### Instructions to follow
Starting with the line that contains "Les Halles Place", repeat each line exactly through the final line of the listing. No picture should appear in the copy.

### Raw data
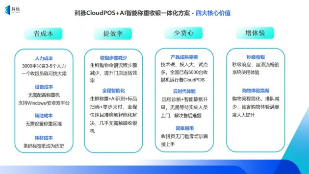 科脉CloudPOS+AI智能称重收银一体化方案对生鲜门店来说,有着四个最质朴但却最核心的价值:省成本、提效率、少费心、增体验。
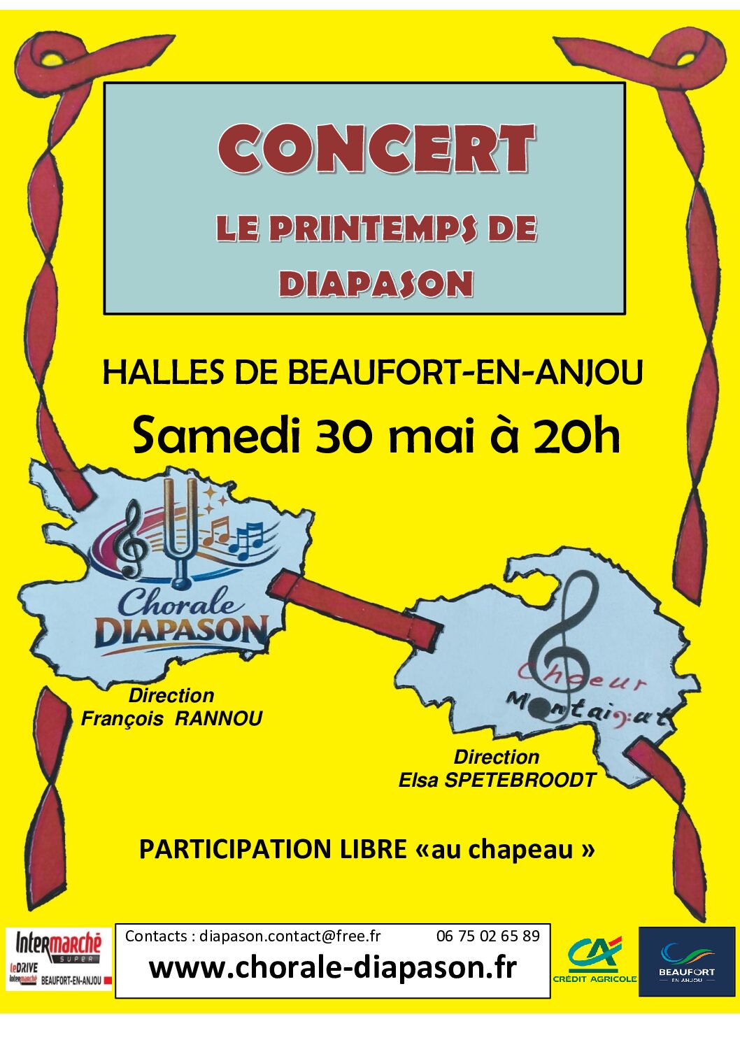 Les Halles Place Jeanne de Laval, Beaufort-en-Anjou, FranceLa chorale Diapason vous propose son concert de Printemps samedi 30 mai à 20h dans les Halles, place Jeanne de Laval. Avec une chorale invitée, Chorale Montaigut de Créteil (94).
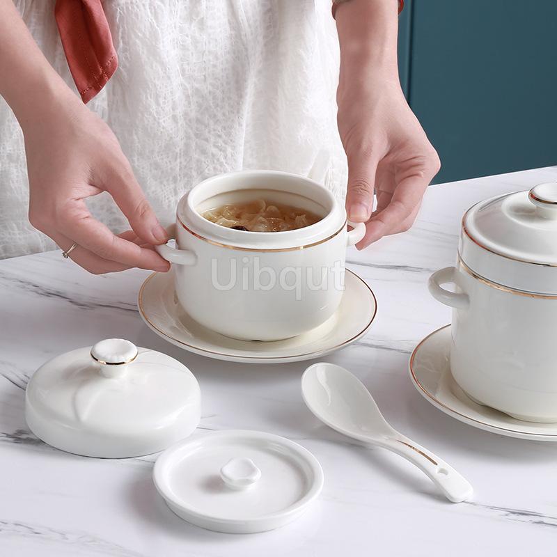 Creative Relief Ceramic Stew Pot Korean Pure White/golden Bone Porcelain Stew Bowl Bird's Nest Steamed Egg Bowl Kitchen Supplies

### Solution to the problem
 Les Halles Place Jeanne de Laval, Beaufort-en-Anjou, FranceLa chorale Diapason vous propose son concert de Printemps samedi 30 mai à 20h dans les Halles, place Jeanne de Laval. Avec une chorale invitée, Chorale Montaigut de Créteil (94).
 Creative Relief Ceramic Stew Pot Korean Pure White/golden Bone Porcelain Stew Bowl Bird's Nest Steamed Egg Bowl Kitchen Supplies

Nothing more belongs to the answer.